What a thoughtful post. Singer’s book has been on my “to read” list for a while now, but as of late it keeps showing up in various ways. I think now is the perfect time for making that happen,
Jennifer, I do think you will find it quite thought-provoking and insightful. I appreciated going back over it and seeing what captured my attention on my initial read and then again on my second and third.
You are so on target – its about contentment with self. I remember my mom saying to me, “you have to grow where you are planted”. In other words, even when “life conditions may not be ideal”, you can still grow!
What a wonderful, thoughtful post. Building a life of Joy and Contentment, so deeply personal to each of us. So many good questions to ponder on. Thank you.
Thank you for stopping by Victoria. 🙂
Your post comes at the exact right time for me. I needed to hear your message on designing a life you love. Thank you for your continuous inspiration, Shannon.
P.S. I hope your last days of formal teaching!
Alisa, Thank you for stopping by and so happy to hear the post offered inspiration applicable to your journey at the moment. I appreciate immensely your wishes for these final days. It means so much and indeed I am savoring while equally excited for the next chapter to officially begin. Wishing you well. 🙂
I needed inspiration to start my day, and yes, I choose to be happy and not care what others think. When I was growing up, Mom told me over and over again to “make the most out of [whatever the situation is]” and “people do not like negative people,” especially when I was so unhappy at school. It took me years to fully understand. Now that my school years are long behind me and that my only child is now in college, I choose my time as an empty nester to be happy, no matter what happens. Having a totally different attitude from my school days really has made a difference. I am thankful for down-to-earth people like you who inspire others to make the most of what they are and what they have. Thank you for this wonderful post!

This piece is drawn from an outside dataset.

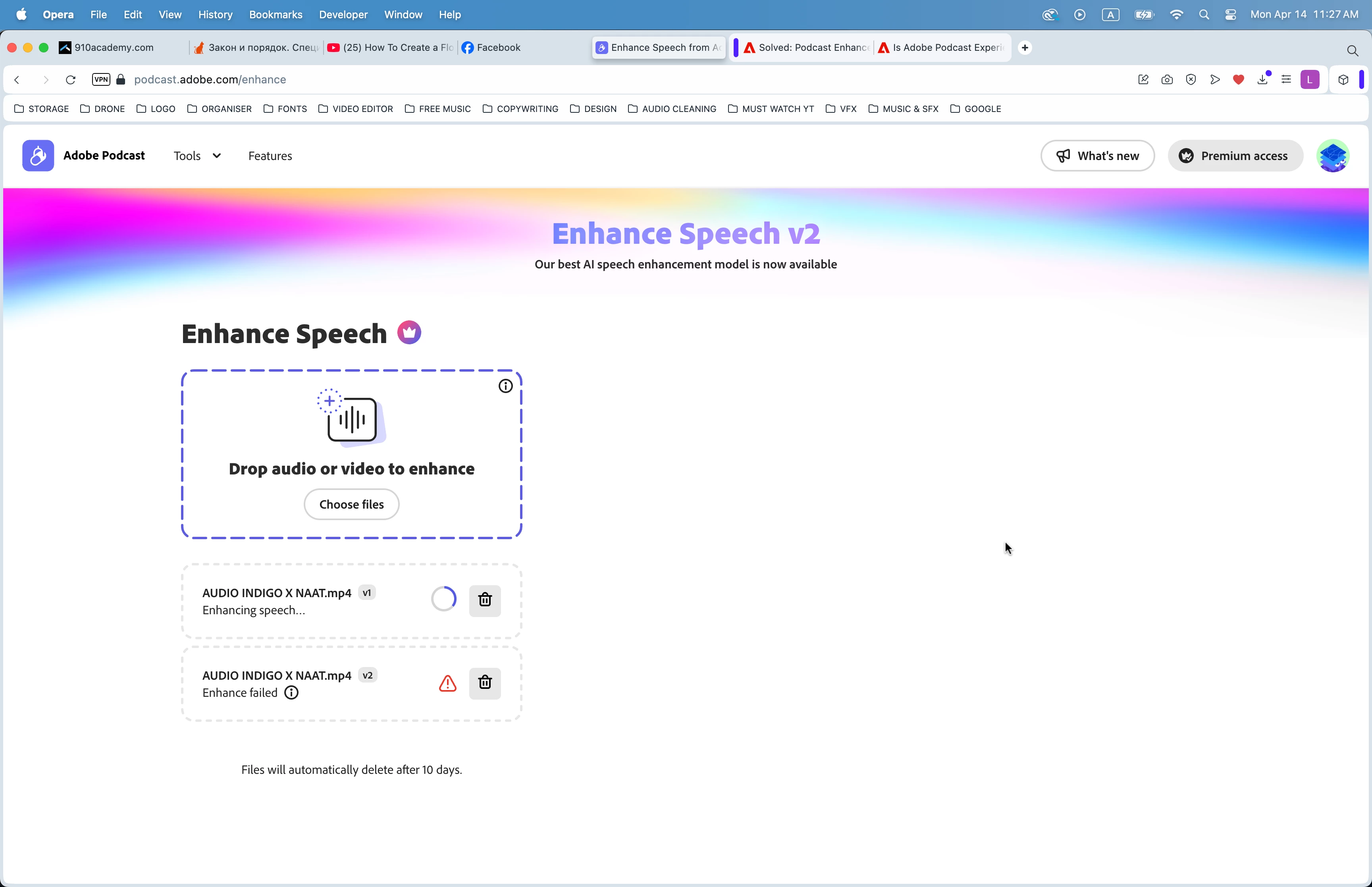 I have been trying to use Enhance for the last 4 hours and is not working... this morning it was working fine. It uploads the file then says enhancing audio, but then gets stuck and never completes the task. Anyone know whats going on?

Thank you for sharing your journey toward and achieving this approach to living each day. It certainly is a choice, but as you have shared, it drastically improves the quality of our lives. 🙂
Such wise advice. Thank you.
Thank you for stopping by Jeannine. 🙂
I really enjoyed this post Shannon, thank you.
Anything at the moment that is really helping me reflect on being more present day to day is helpful.
Today I had a negative work experience and for a few minutes it affected me, but I am learning, to let go of the negative after it – for in his instance I truly was not responsible for any “tasks” but my own, and how this person responded to me was their issue not mine.